Una batteria dello scooter elettrico che presenta un rigonfiamento, una deformazione o un surriscaldamento anomalo non dovrebbe essere utilizzata come se fosse semplicemente scarica. Prima viene la sicurezza, poi la diagnosi e la scelta dell’intervento.
“La batteria si è gonfiata”
Cliente:
“Mi sono accorto che il pacco sembra un pò gonfio.
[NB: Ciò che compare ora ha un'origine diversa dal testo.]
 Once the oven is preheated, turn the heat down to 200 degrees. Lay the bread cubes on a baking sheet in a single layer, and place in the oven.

Lo scooter però funziona ancora.”
Tecnico:
“La stai ancora mettendo in carica?”
Cliente:
“Si, perché altrimenti non posso usarlo.”
Tecnico:
“In questo caso è meglio fermarsi e far controllare la batteria.”
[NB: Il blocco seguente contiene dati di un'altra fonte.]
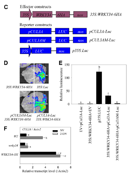 比如上面談到的Plant Cell的文章,作者發(fā)現(xiàn)轉錄因子WRKY34的轉錄迅速被冷應激誘導,之后構建pCUL3A-LUC載體和W-box區(qū)域突變pCUL3A-LUC載體,與WRKY34共注射入煙草和擬南芥葉原生質體,來驗證WRKY34以預測的W-box與CUL3A啟動子結合以增加其CUL3A轉錄,而CUL3A又介導FRI降解調節(jié)擬南芥春化過程中的開花,從而把生物學故事由冷誘導—WRKY34轉錄—CUL3A轉錄—FRI降解—擬南芥春化過程中的開花這樣一條線串起來。

Il fatto che lo scooter continui a funzionare non significa che il pacco sia in condizioni normali.
Una batteria deformata non va aperta
Non bisogna:
- forare il contenitore;
- schiacciare il rigonfiamento;
- aprire il pacco;
- modificare le celle;
- bypassare le protezioni.
Una deformazione deve essere valutata da personale competente.
Anche il surriscaldamento merita attenzione
Un certo aumento della temperatura può verificarsi durante l’utilizzo o la ricarica.
Diverso è il caso in cui la batteria diventi improvvisamente molto più calda rispetto al normale.
Se compaiono anche odori insoliti, deformazioni o altri comportamenti anomali, è necessario interrompere l’utilizzo e richiedere una verifica.
Un caso a Torino
Cliente:
“La batteria si scalda parecchio quando la metto sotto carica. Prima non succedeva.”
Tecnico:
“Hai cambiato caricatore?”
Cliente:
“Si, quello originale si era rotto.”
Anche il caricatore deve quindi essere verificato.
Riparazione, rigenerazione o sostituzione?
Non si può stabilire la soluzione osservando soltanto l’esterno.
Dopo la diagnosi sarà possibile valutare se esistono condizioni per un intervento oppure se la sostituzione sia la scelta più appropriata.
Quando una batteria presenta un’anomalia fisica, il risparmio non dovrebbe mai essere l’unico criterio.